→ **Record set**
Content starts
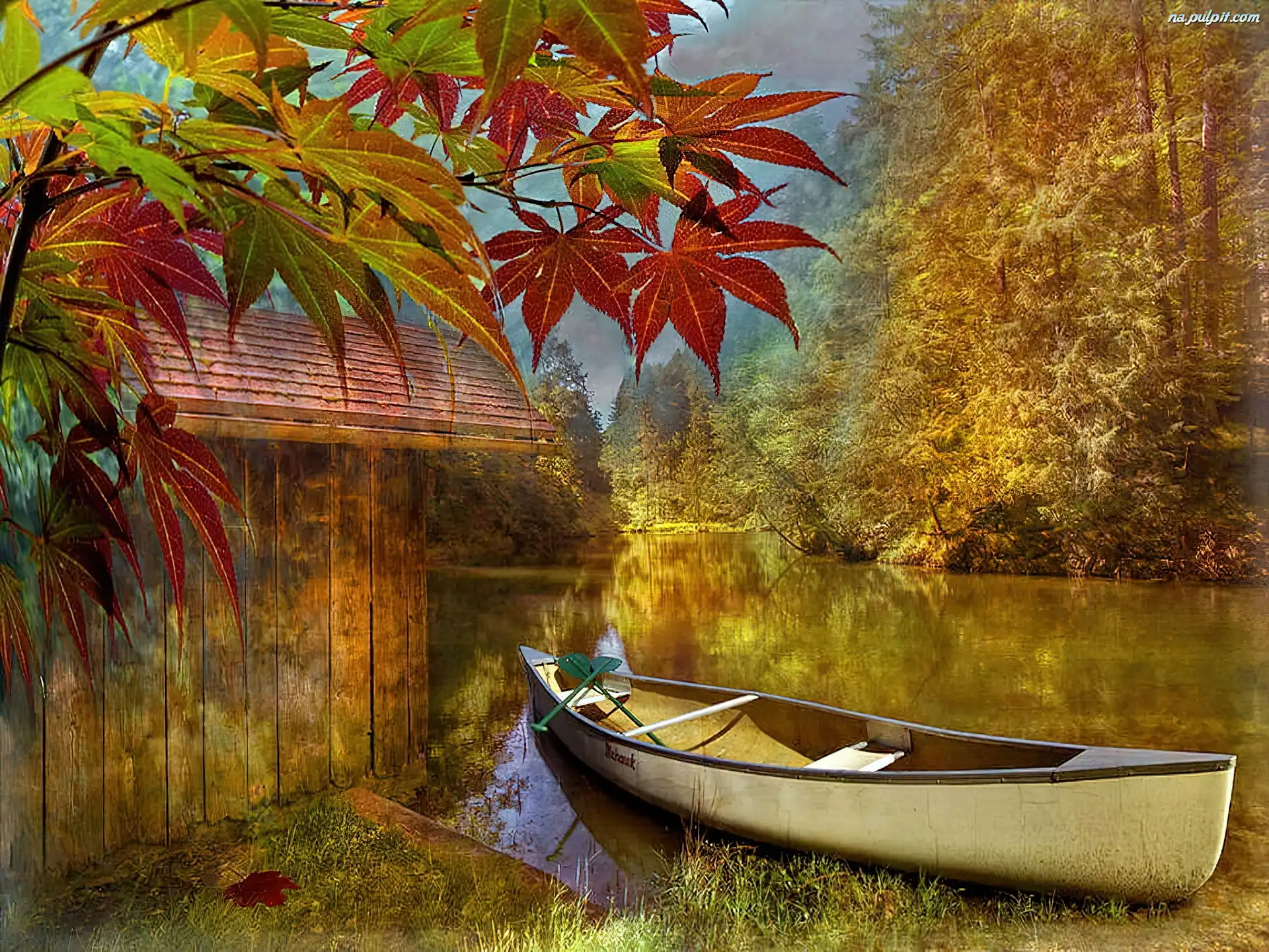 Malarstwo, Łódka, Jezioro, Liście
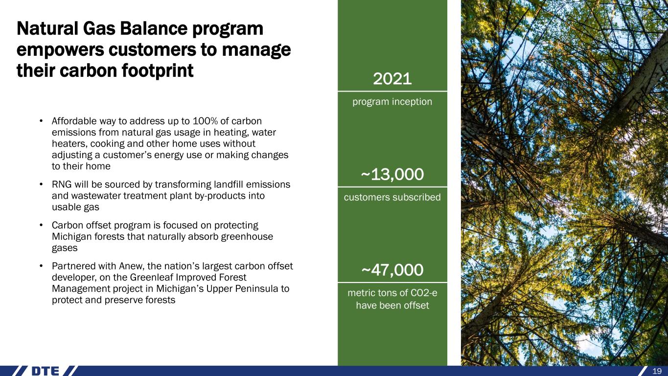 MIGreenPower program continues significant growth ~1,800 business customers ~100,000 residential customers 2,440 MW subscribed • Allows customers to attribute up to 100% of electricity use to renewable sources • Recognized by National Renewable Energy Laboratory as having the largest Green Tariff program in the country, fulfilling more load under contracted subscriptions than any other program • Two largest renewable energy purchases from a utility announced with Ford Motor Company and Stellantis Voluntary renewable customers 18
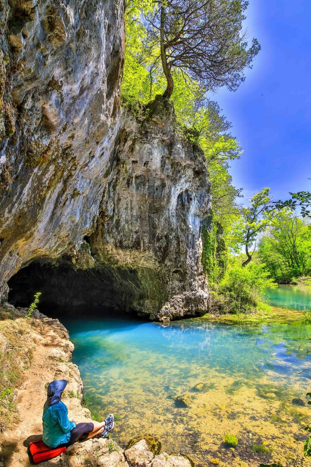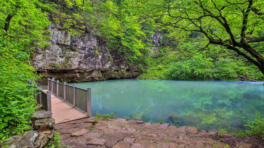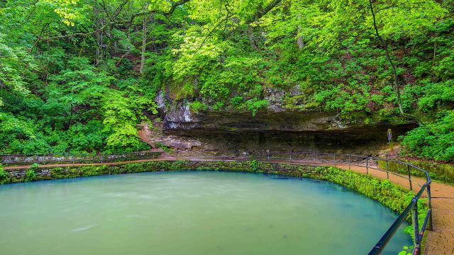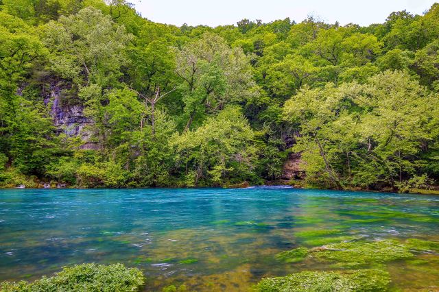 Called “Spring of the Summer Sky” by Native Americans, the more famous Blue Spring is on the Current River and is one of the most beautiful places you’ll ever find, anywhere. The spring itself is over 310 feet deep, one of the deepest in the United States. This gives it a vivid blue color that one must see to believe. If you were to place the Statue of Liberty in Blue Spring, her torch would be five feet below the surface of the water!
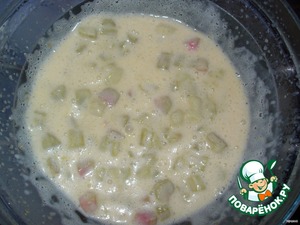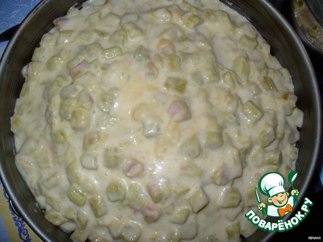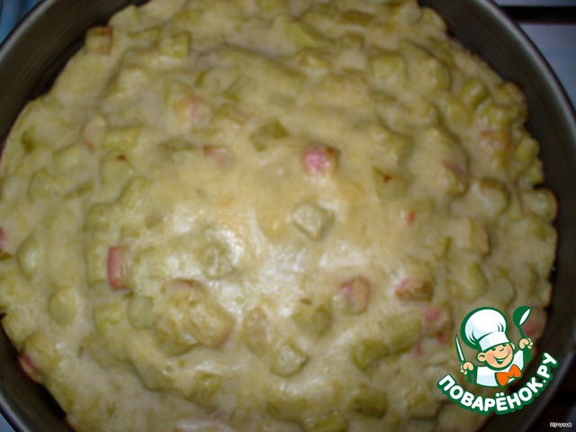 Сливочно-ревеневую массу выложить на корж и выпекать еще 25 минут.
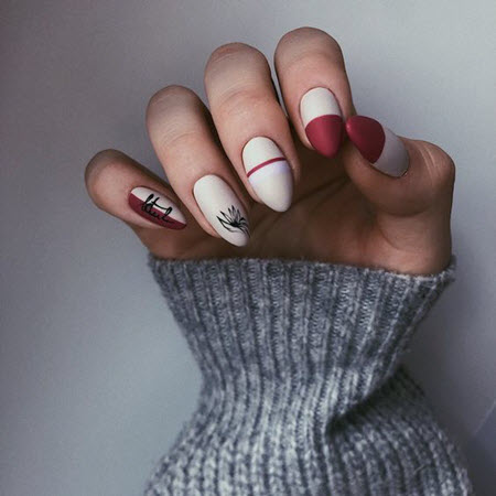 Zeichnungen können mit Acrylfarben, farbigen oder glänzenden Lacken mit einem dünnen Pinsel erstellt werden. Auch in der Maniküre sind heute Stempeltechniken und diverse Sticker gefragt. Beliebte Bilder für die Herbstsaison 2024 sind Blumenmuster, geometrische Richtungen, saisonale Bilder, Schriftzüge, Zeichentrickfiguren, zarte Locken, Streifen, Tupfen und viele andere interessante Vorschläge.
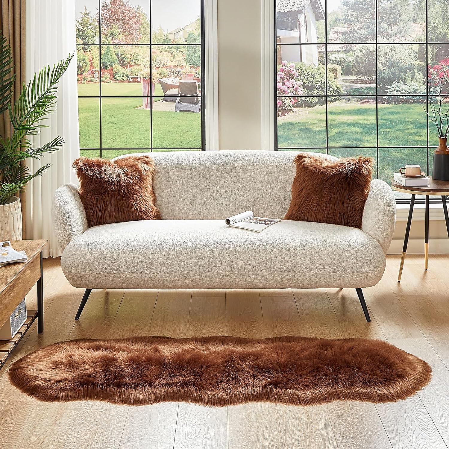 AMTOVO Faux Sheepskin Rug, Coffee Ultra Soft Fluffy Shag Area Rug, 2 x 6 ft Faux Fur Rug for Bedroom Sofa Throw Cushion Room Decor, Sheepskin
Content ends
→ **Brief**
Only the lines from the one holding "Сливочно-ревеневую массу выложить" through the end of the data are to be printed, exactly as they stand and with no pictures.

→ **Response to this exercise**
 Сливочно-ревеневую массу выложить на корж и выпекать еще 25 минут.
 Zeichnungen können mit Acrylfarben, farbigen oder glänzenden Lacken mit einem dünnen Pinsel erstellt werden. Auch in der Maniküre sind heute Stempeltechniken und diverse Sticker gefragt. Beliebte Bilder für die Herbstsaison 2024 sind Blumenmuster, geometrische Richtungen, saisonale Bilder, Schriftzüge, Zeichentrickfiguren, zarte Locken, Streifen, Tupfen und viele andere interessante Vorschläge.
 AMTOVO Faux Sheepskin Rug, Coffee Ultra Soft Fluffy Shag Area Rug, 2 x 6 ft Faux Fur Rug for Bedroom Sofa Throw Cushion Room Decor, Sheepskin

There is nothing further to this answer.